What is expected — Below are several entries. Transcribe exactly those lines that fall from the one with "Конструктивный рисунок черепа" through the one with "This charming detached", end lines included.

Dataset extract —
■ ■ ■ ■ ■ ■ ■

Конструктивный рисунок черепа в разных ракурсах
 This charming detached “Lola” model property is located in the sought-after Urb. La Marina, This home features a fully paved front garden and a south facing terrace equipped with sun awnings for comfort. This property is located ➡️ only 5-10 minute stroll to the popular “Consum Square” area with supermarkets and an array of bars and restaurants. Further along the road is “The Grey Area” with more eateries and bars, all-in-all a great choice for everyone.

■ ■ ■ ■ ■ ■ ■

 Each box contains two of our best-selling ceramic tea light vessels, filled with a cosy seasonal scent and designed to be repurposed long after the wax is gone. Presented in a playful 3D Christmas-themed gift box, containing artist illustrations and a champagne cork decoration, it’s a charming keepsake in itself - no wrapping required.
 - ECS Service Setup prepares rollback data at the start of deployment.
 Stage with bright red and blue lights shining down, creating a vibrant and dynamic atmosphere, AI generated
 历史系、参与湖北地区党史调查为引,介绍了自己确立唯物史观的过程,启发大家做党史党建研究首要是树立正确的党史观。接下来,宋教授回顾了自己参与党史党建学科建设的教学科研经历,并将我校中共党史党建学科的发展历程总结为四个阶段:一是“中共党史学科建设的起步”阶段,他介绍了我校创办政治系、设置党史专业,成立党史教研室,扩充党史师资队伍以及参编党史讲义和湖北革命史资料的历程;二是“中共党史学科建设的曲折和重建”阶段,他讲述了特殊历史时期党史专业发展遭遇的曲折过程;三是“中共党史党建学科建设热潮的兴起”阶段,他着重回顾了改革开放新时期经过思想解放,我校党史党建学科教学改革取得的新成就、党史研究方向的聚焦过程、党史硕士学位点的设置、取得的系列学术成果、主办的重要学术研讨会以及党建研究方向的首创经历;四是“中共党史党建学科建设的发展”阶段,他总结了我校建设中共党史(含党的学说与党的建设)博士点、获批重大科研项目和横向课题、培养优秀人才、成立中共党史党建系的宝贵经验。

■ ■ ■ ■ ■ ■ ■

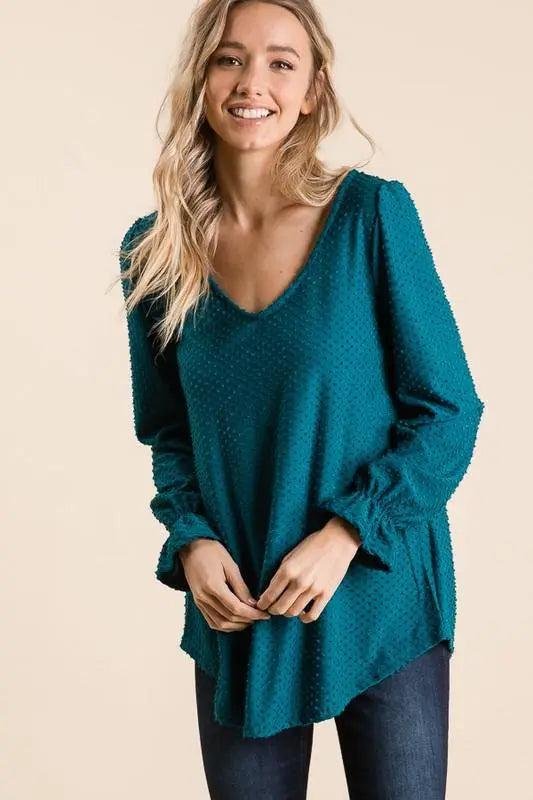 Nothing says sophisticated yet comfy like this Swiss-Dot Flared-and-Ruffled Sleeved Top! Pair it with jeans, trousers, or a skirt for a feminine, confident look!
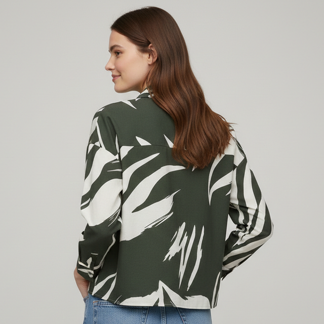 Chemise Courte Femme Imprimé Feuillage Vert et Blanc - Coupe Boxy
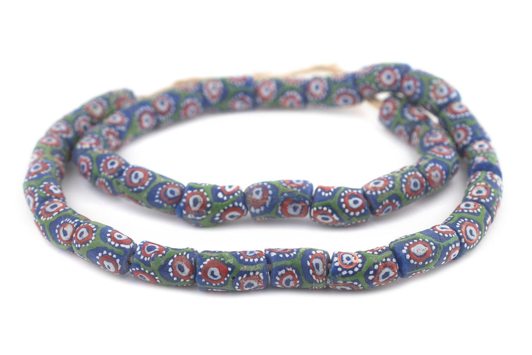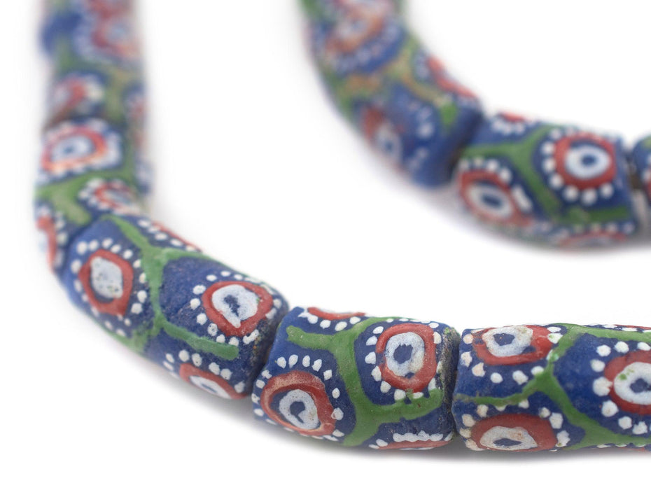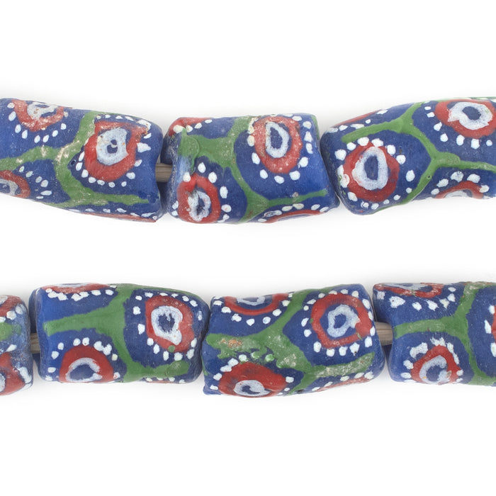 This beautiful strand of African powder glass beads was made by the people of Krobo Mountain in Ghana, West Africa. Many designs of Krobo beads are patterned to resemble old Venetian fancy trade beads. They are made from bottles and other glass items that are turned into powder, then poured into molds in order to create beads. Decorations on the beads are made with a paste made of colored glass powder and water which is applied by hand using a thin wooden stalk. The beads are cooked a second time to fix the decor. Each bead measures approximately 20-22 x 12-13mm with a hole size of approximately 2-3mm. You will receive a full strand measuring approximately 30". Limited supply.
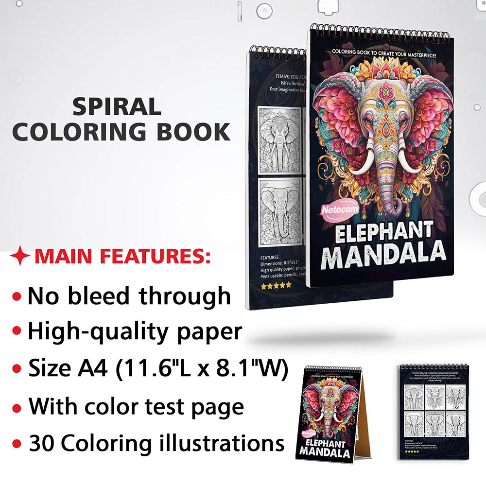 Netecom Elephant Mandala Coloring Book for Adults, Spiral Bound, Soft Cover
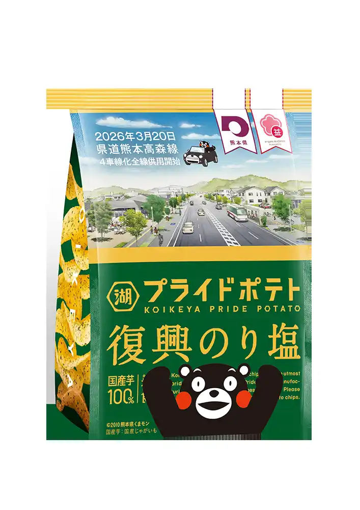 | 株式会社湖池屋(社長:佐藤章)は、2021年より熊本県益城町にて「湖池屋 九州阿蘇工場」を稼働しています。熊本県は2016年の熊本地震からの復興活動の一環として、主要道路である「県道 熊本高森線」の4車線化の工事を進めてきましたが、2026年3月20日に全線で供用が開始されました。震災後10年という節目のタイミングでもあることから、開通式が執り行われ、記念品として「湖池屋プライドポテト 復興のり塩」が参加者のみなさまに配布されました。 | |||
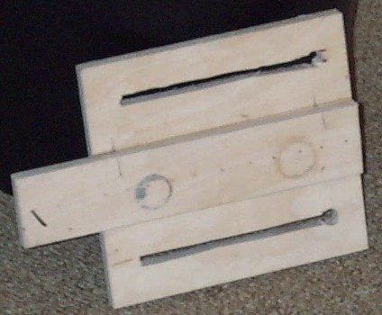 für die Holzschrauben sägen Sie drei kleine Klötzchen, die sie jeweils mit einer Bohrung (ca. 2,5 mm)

■ ■ ■ ■ ■ ■ ■

Response area —
Конструктивный рисунок черепа в разных ракурсах
 This charming detached “Lola” model property is located in the sought-after Urb. La Marina, This home features a fully paved front garden and a south facing terrace equipped with sun awnings for comfort. This property is located ➡️ only 5-10 minute stroll to the popular “Consum Square” area with supermarkets and an array of bars and restaurants. Further along the road is “The Grey Area” with more eateries and bars, all-in-all a great choice for everyone.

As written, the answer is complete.